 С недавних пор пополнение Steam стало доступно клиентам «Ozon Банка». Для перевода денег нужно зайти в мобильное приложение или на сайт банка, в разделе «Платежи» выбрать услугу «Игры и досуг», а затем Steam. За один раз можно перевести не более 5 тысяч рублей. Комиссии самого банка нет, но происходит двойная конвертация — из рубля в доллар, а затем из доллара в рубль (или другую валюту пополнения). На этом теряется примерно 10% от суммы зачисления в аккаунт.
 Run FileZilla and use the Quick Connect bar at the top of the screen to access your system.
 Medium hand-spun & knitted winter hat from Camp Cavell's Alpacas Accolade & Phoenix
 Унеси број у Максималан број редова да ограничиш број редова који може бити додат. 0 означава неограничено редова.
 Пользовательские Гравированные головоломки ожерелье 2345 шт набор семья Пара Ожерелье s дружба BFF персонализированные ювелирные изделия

==

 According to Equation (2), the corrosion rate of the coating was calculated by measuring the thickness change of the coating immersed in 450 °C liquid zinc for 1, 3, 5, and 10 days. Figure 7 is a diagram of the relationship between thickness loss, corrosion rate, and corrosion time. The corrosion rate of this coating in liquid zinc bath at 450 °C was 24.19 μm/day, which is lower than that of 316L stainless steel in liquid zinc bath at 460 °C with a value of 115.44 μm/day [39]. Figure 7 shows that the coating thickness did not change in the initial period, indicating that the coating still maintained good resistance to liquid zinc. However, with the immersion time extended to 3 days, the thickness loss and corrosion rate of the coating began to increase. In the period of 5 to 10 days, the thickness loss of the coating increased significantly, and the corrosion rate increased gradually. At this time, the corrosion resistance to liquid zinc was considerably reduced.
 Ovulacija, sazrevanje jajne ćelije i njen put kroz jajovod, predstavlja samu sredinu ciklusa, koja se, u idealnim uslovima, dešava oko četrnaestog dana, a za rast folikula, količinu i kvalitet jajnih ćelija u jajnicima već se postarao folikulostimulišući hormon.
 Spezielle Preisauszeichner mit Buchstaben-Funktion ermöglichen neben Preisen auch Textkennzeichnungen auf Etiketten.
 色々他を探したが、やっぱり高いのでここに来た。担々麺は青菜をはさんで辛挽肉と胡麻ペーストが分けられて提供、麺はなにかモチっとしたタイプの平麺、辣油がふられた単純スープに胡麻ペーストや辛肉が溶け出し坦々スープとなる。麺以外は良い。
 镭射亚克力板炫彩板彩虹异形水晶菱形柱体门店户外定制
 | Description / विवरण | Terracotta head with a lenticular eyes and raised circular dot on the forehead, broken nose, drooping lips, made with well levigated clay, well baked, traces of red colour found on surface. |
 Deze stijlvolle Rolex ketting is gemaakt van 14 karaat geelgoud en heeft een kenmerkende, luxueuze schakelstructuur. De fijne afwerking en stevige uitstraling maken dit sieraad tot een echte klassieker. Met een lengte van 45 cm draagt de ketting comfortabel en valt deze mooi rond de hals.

==

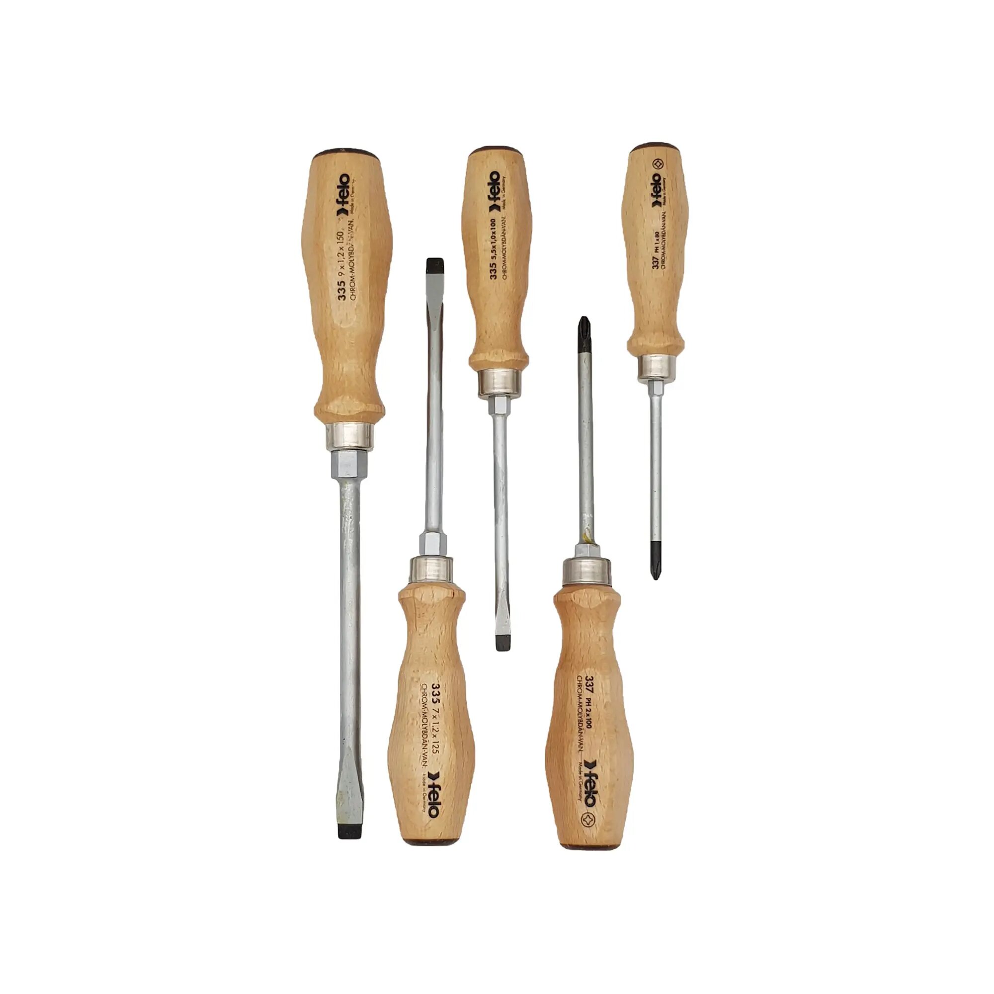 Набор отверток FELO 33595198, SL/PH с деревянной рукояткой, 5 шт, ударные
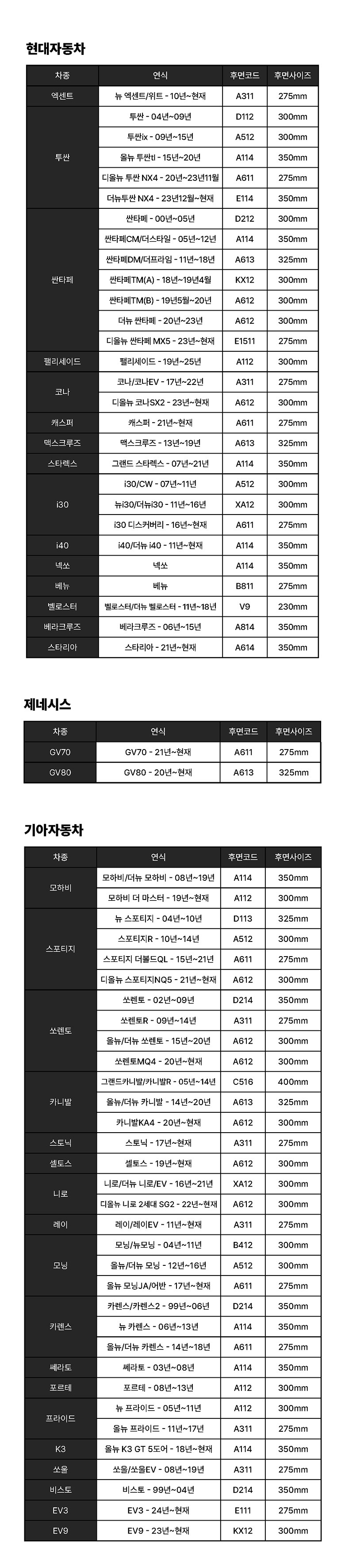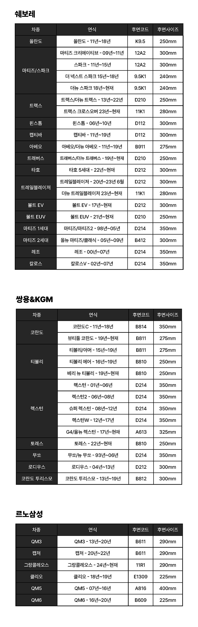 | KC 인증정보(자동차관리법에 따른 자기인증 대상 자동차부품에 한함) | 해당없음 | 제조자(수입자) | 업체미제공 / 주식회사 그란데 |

*WHAT TO WORK ON*: Using the data above, repeat exactly the lines that begin at the line with "色々他を探したが、やっぱり高" and end at the line with "Deze stijlvolle Rolex", both ends included.

*SOLUTION TO THE PROBLEM*:
 色々他を探したが、やっぱり高いのでここに来た。担々麺は青菜をはさんで辛挽肉と胡麻ペーストが分けられて提供、麺はなにかモチっとしたタイプの平麺、辣油がふられた単純スープに胡麻ペーストや辛肉が溶け出し坦々スープとなる。麺以外は良い。
 镭射亚克力板炫彩板彩虹异形水晶菱形柱体门店户外定制
 | Description / विवरण | Terracotta head with a lenticular eyes and raised circular dot on the forehead, broken nose, drooping lips, made with well levigated clay, well baked, traces of red colour found on surface. |
 Deze stijlvolle Rolex ketting is gemaakt van 14 karaat geelgoud en heeft een kenmerkende, luxueuze schakelstructuur. De fijne afwerking en stevige uitstraling maken dit sieraad tot een echte klassieker. Met een lengte van 45 cm draagt de ketting comfortabel en valt deze mooi rond de hals.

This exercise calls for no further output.